学校での評価を高めるレポート全体の論理構成(一例):
- 研究の動機: なぜ都会の豊中市にヒメボタルがいるのかという問題提起。
- 生態の調査: 陸生ホタルの特徴、主食(キセルガイ)についての理科的考察。
- 地域の歴史と制度: 特別緑地保全地区の指定と4者の協働についての社会科的考察。

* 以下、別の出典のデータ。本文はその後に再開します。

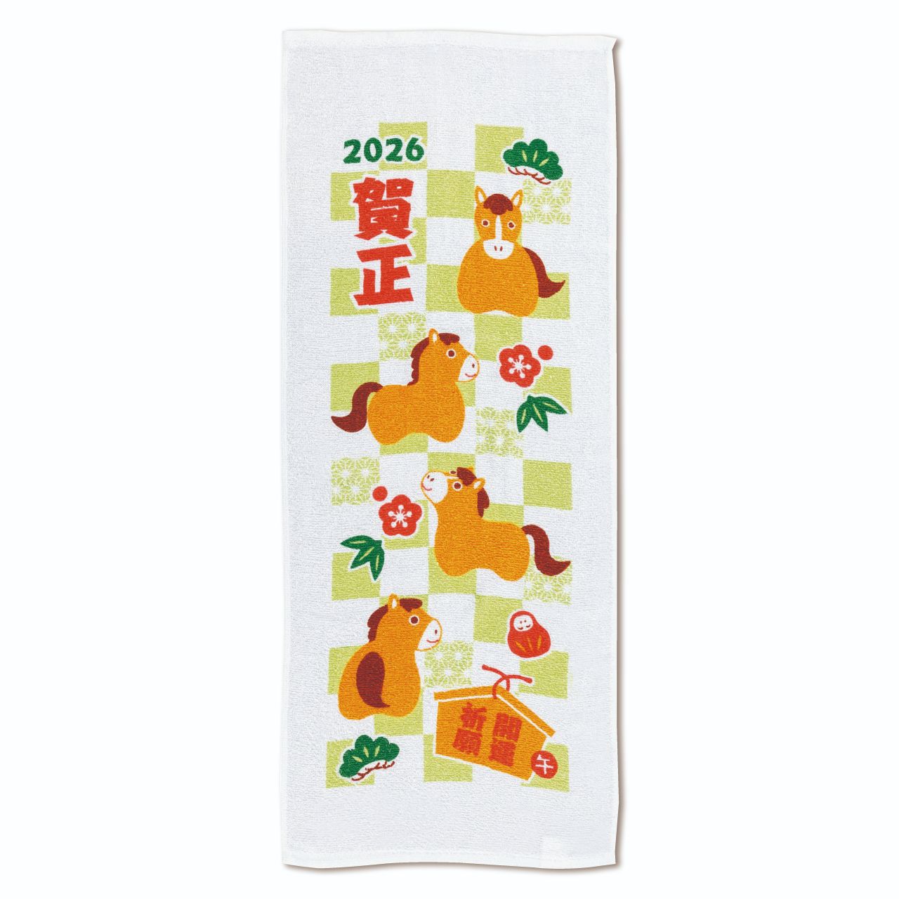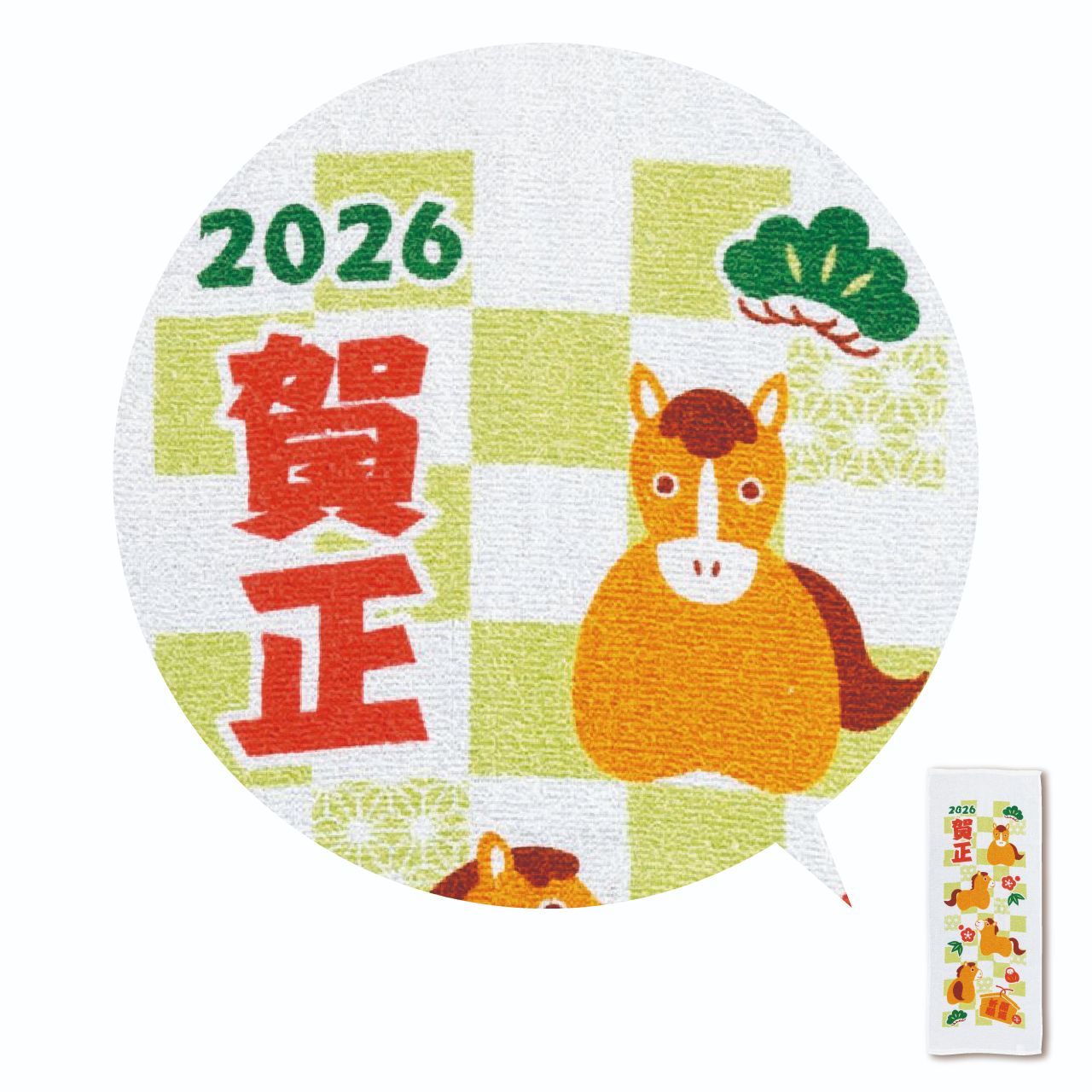毎年人気の干支グッズ「干支タオル」。ポップな午柄が目を引く綿100%のタオルで、年始のご挨拶や新春イベントの配布用にぴったり。そのまま渡せる便利なのし袋入りで、手軽に使える販促アイテムです。

- 現地調査(昼): 地形、傾斜、周囲の住宅との位置関係のフィールドワーク記録。
- 考察と提言: 生物の命を守るためのマナーの重要性と、これからの自然共生への自分の意見。
まとめ|小さな光の背景にある「大きな繋がり」を学ぶ夏休みに
豊中市春日町のヒメボタルが放つ、まるでカメラのフラッシュのような黄色いきらめきは、自然の進化がもたらした神秘であると同時に、この街に暮らす人々の何十年にもわたる愛情と努力が結実した「奇跡の光」でもあります。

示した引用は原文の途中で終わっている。